Элиас так захрустел пальцами, что это услышал даже тугоухий Рустико. Сейчас ему очень захотелось сжать горло дожа с таким же звуком. Этот простак решил поиграть с ними. Он на самом деле пытался перехитрить братьев Маламокко!

— Куда она ушла, и когда вы ожидаете ее возвращения? — Рустико пытался сдержанно отреагировать на улыбку дожа. — Послушайте, Джустиниано: я важный человек в этом городе, и у меня нет ни времени, ни желания зависеть от смены настроения ребенка.

— Я от вас и не требую этого, — потер руки Джустиниано. — Я тоже думаю, что вам следовало бы заниматься более важными делами, чем ждать, пока ребенок попросит у вас прощения.

Когда рассерженные визитеры поспешно покинули дворец, от каналов поднимался пар, а чайки на причале с любопытством вертели клювами. Рустико чувствовал себя так, словно его голову зажали в тиски, в его богатом арсенале ругательств никак не находилось подходящего.

— Пусть же этот Джустиниано почувствует на себе все ужасы этого и того света!
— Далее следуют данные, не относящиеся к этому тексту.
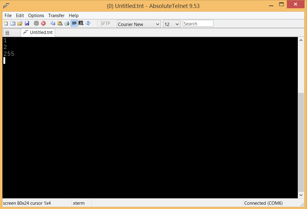 Na terminalu powinien być wynik: 1, 2, 3 a otrzymuję 1,2, 255.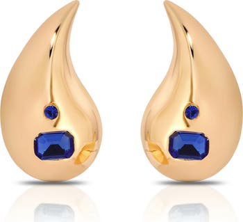 Accessorize in bold, contemporary style with these perfectly polished teardrop statement earrings lit up with faceted crystals.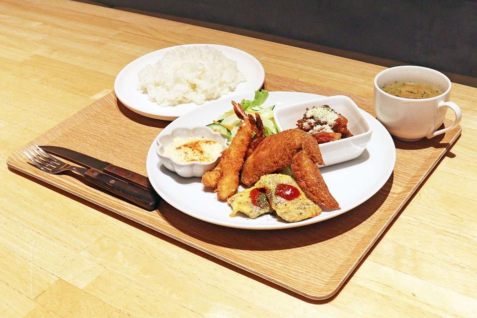 「Keiスペシャルセット(1,800円)」も好評。エビフライを含む4種類の日替わりおかず盛り合わせ、サラダ、ライス、スープがセット。

И его дочь тоже! — шипел он.

На одном из мостов Рустико резко остановился. Туман клубился, застилая ему ноги.

— Постой, — сказал он Элиасу, — должно быть, ты все же вовремя прибыл в Риво Альто. Если поймаешь эту девчонку и приведешь ее ко мне, то сможешь обладать ею.

— Но я так понял, Мательда должна оставаться нетронутой, ведь на ней должен жениться дядя Бонус.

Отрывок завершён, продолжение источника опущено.